Check whether the sample is homogenous and if not run separated restricted
regressions.

Perform a Chow's Test (F-test for the slopes)

Use Weight Least Squares

Use White's standard errors

In Stata reg y x, robust

Another possible solution to this problem would be to choose another method


such as multi-level modeling or non-regression analysis.

Autocorrelation

What it does: Violates White Noise Assumption

Consequence: Estimator is no longer efficient.

Test: White's Test for autocorrelation or DW

In Stata: wntestq, estat durbinalt

Solutions

Make sure the model is correct (unit root test for D)

Control for seasonality effects

Generalized Least Squaress

In Stata: prais y x, ssesearch

Technical Considerations

Measurement errors may affect the independent variables.

Multicollinearity

What it does: Makes the errors unreliable

Consequence: Cannot be used for hypotheses testing

Test: Covariance matrix, VIF and Conditional Number Test

In Stata: cor, vif, collin x w

Solve:

Specify and code variables such that the explanatory variables are linearly
independent and not too strongly correlated.

Sample size

Enough observations.

Do not over do with high level of unnecessary observations

Variation on variables

Variables should have some variation across the sample

8. Generalized Least Squares


The idea is to convert the variance covariance matrix of a non spherical error regression to
an equivalent with White Noise.
9. Latent Outcome Variable
When the outcome variable is unobservable through a mathematical model an equation can
be used to described how explanatory variables push the unobservable value until a threshold is met
and an outcome is observable.

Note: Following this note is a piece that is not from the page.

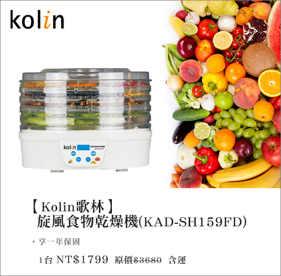 | Kolin歌林-旋風食物乾燥機(KAD-SH159FD)-美味果乾自己就能搞定!自製果乾不添加防腐劑,保留營養、鎖住健康,最天然的果物享受,隨時陪伴你!只要1,799元(含運)即可享有【Kolin歌林 售價:1799 我要購買 |
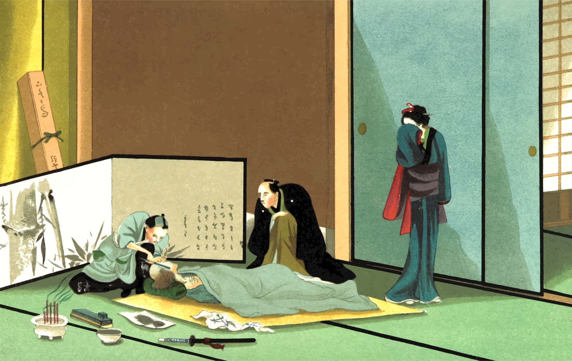 - chromolithograph chromolithography dead death funeral Japan Japanese last offices print ritual scene Semi-Realistic People

Two common ways to regress latent variable models are probit and
logit. The results for both are usually consistent, but each one forces the underlying distribution to
the data. Other methods are cox relative hazard and the likes which allows for panel analysis.
Logistic regressions have the advantage that the estimators can be interpreted as odd ratios as
opposed to marginal effect intensities with the probit. The likelihood functions are solved not
through an analytical solution, but through numerical analysis.
While there are not formal tests as there are for OLS, it can be useful to run reg on the
model to see whether there might be some indications of complications while using the latent
variable methods.
In Stata some useful commands are: probit, mfx, logistic or logit, or/rr.